## THE PROBLEM:
With pictures excluded, give again exactly the lines running from the one holding "Pod honorowym patronatem" through the end of the listing below.

## DATASET SECTION:
• • • •

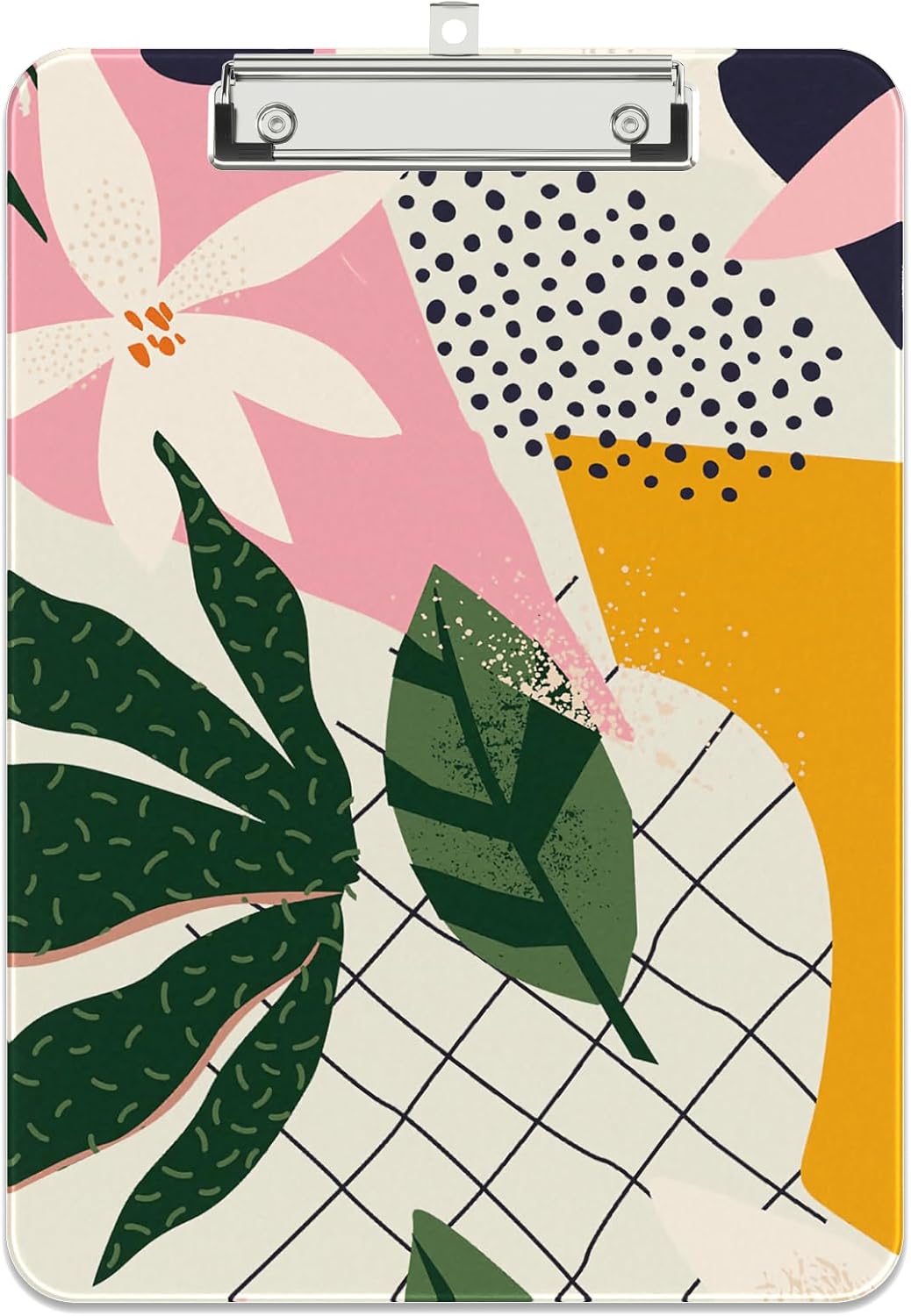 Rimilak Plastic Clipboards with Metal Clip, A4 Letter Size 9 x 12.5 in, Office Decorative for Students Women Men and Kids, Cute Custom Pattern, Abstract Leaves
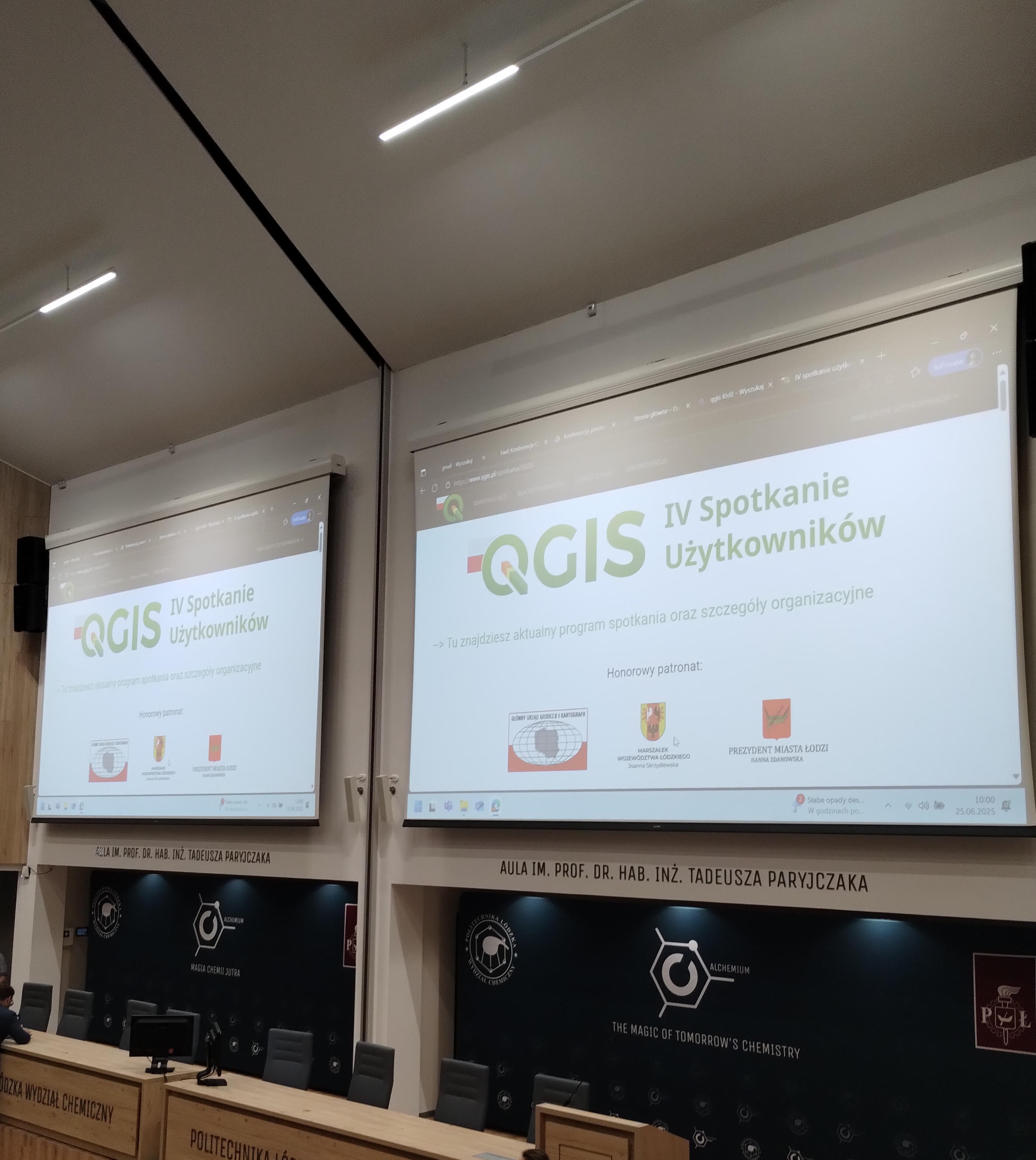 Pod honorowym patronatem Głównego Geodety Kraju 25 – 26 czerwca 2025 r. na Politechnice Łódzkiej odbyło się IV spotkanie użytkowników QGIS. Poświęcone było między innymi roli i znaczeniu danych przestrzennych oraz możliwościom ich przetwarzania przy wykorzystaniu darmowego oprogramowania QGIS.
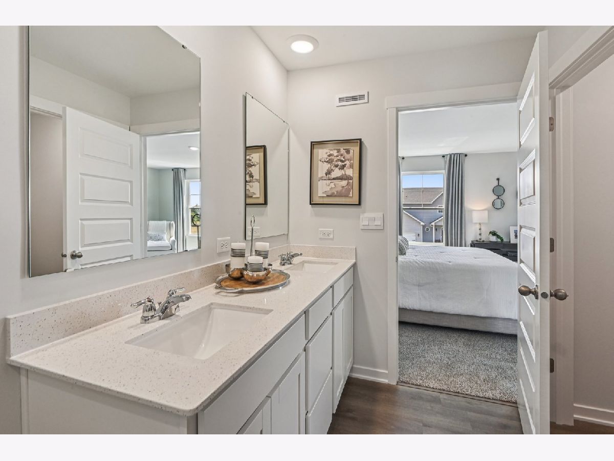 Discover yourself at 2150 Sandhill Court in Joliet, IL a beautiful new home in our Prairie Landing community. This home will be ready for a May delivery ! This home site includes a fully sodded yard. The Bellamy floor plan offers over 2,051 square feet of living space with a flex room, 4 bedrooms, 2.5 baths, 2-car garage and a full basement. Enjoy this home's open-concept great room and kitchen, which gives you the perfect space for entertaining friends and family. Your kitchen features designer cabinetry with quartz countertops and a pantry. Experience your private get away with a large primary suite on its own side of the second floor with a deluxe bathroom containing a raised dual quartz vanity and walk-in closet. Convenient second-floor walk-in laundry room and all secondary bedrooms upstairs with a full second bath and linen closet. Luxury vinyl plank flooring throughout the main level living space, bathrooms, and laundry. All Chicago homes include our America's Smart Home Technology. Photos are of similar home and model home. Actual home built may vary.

• • • •

## RESPONSE:
 Pod honorowym patronatem Głównego Geodety Kraju 25 – 26 czerwca 2025 r. na Politechnice Łódzkiej odbyło się IV spotkanie użytkowników QGIS. Poświęcone było między innymi roli i znaczeniu danych przestrzennych oraz możliwościom ich przetwarzania przy wykorzystaniu darmowego oprogramowania QGIS.
 Discover yourself at 2150 Sandhill Court in Joliet, IL a beautiful new home in our Prairie Landing community. This home will be ready for a May delivery ! This home site includes a fully sodded yard. The Bellamy floor plan offers over 2,051 square feet of living space with a flex room, 4 bedrooms, 2.5 baths, 2-car garage and a full basement. Enjoy this home's open-concept great room and kitchen, which gives you the perfect space for entertaining friends and family. Your kitchen features designer cabinetry with quartz countertops and a pantry. Experience your private get away with a large primary suite on its own side of the second floor with a deluxe bathroom containing a raised dual quartz vanity and walk-in closet. Convenient second-floor walk-in laundry room and all secondary bedrooms upstairs with a full second bath and linen closet. Luxury vinyl plank flooring throughout the main level living space, bathrooms, and laundry. All Chicago homes include our America's Smart Home Technology. Photos are of similar home and model home. Actual home built may vary.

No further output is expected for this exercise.